Upload custom data in the lower-left corner of the web UI page. You can upload files in TXT, MD, DOCX, and PDF formats.
For example, you can drag and drop to upload a README.md file and click Vectorstore knowledge in the lower-left corner. The following result indicates that the custom data is loaded.
In the input box at the bottom of the web UI page, enter a sentence to start a dialogue.
For example, enter
how to install deepspeed
in the input box and click Send. The following figure shows the result.
NoteAfter you use LangChain to integrate business data on the web UI page, you can perform model inference with the data by using API operations. You can also perform vector search in an on-premises knowledge base. For more information, see Use PAI and a vector database to implement intelligent dialogue based on LLMs.
How do I improve concurrency and reduce latency for the inference service?
EAS provides BladeLLM and vLLM inference acceleration engines to ensure high concurrency and low latency for the inference service. Perform the following steps:
On the EAS-Online Model Services page, find the service that you want to update. Click Update Service in the Actions column of the service.

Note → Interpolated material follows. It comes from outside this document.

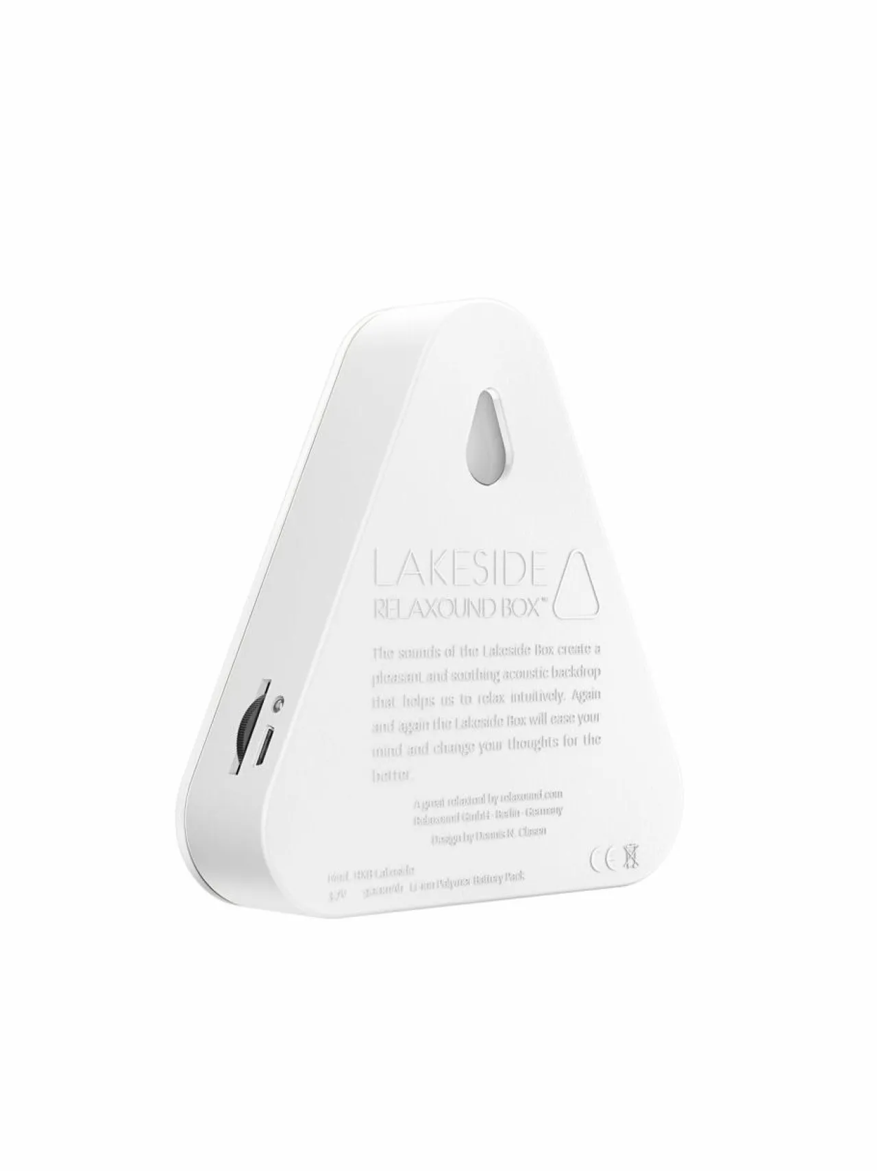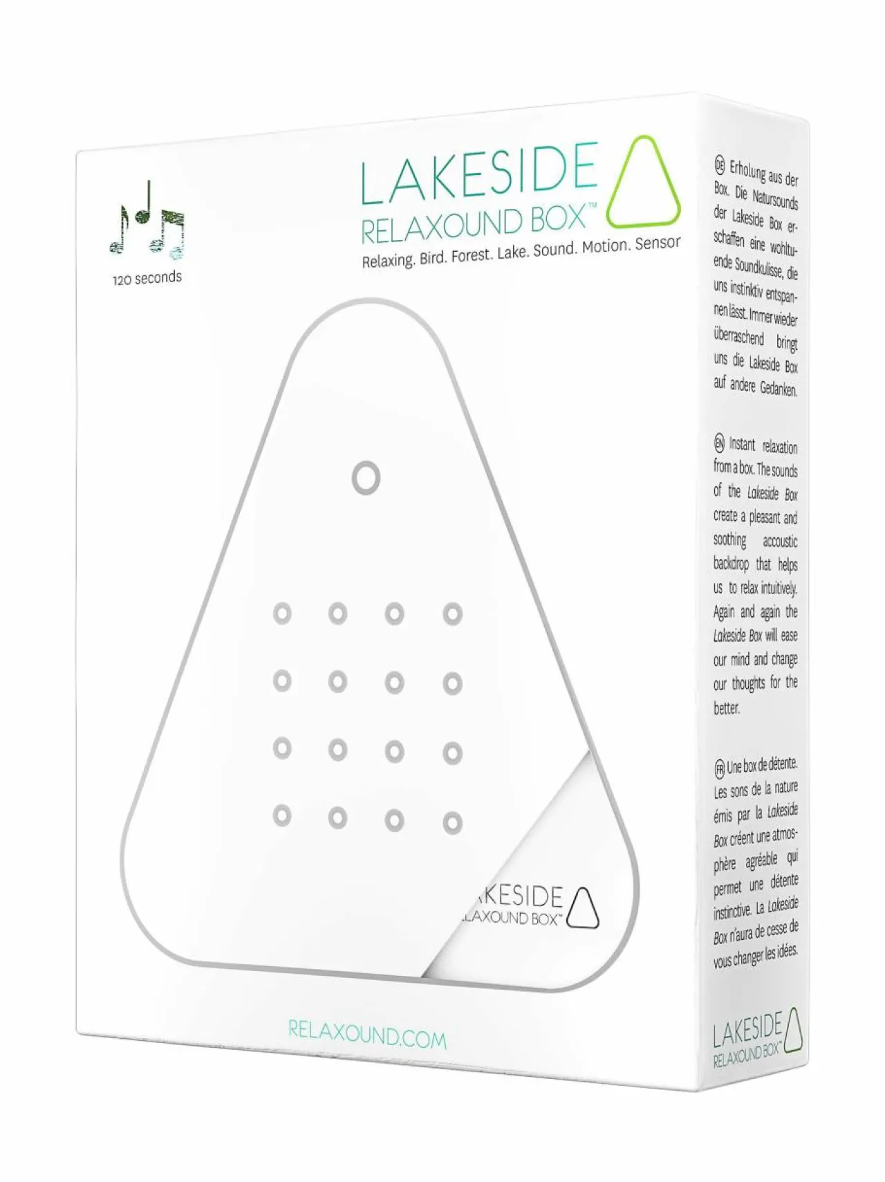 Relaxound Lakesidebox vie sinut järven äärelle. Kuuntele heinäsirkkojen, ankkojen ja järven ääniä ja hengitä syvään. Järviboxi vie sinut rentoutumisen tilaan ja antaa vapauden tunteen. Aktivoituu liiketunnistimen kautta (reagoi valon muutoksiin) ja se toimii 2 minuuttia kerralla. Tuote on helppo ladata tuotteen mukana tulevalla USB kaapelilla. Kosteusluokitus: IP44, käy sisä ja ulkotiloihin.

In the Model Service Information section, add the parameter
--backend=vllm
to the Command to Run parameter and click Deploy.ImportantThe inference acceleration engine supports only the following model types: Qwen, Llama2, Baichuan-13B, and Baichuan2-13B.

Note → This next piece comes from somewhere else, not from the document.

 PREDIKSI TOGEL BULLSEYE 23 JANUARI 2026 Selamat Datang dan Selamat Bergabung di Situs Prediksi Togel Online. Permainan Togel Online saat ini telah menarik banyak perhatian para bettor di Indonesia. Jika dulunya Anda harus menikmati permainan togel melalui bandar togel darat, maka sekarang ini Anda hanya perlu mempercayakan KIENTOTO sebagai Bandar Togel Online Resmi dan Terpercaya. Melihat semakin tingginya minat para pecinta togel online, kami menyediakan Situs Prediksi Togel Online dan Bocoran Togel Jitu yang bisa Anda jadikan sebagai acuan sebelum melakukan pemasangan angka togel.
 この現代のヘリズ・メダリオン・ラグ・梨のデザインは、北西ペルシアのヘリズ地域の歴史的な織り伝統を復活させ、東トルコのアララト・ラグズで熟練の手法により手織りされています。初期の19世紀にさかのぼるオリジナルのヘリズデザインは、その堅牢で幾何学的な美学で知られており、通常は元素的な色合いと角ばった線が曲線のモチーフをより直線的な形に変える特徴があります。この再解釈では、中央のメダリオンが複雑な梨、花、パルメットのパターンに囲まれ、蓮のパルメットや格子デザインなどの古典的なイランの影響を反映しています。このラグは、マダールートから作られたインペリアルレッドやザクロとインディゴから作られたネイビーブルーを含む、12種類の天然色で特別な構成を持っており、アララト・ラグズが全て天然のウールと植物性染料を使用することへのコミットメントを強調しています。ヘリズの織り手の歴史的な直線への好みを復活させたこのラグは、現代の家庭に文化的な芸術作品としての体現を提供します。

Update versions of Transformers and vLLM.
As new models are released, the previously released models and latest released models may have incompatibility issues on the dependency of toolkit versions, such as Transformers and vLLM. To solve the incompatibility issues, we recommend that you upgrade toolkits such as Transformers and vLLM based on your business requirements. Specify the specific versions of the toolkits in the Third-party Library Settings section.
How do I mount a custom model?
You can use Object Storage Service (OSS) to mount a custom model. Procedure:
Upload the model and related configuration files to your OSS bucket. For more information about how to create a bucket and upload objects, see Create buckets and Upload objects.
The following figure provides a sample of the model files that you need to prepare:
The config.json file must be uploaded. You must configure the config.json file based on the Huggingface model format. For more information about the sample file, see config.json.
Click Update Service in the Actions column of the service.
In the Model Service Information section, specify the required parameters and click Deploy.
Parameter
Description
Model Settings
Click Specify Model Settings to configure the model.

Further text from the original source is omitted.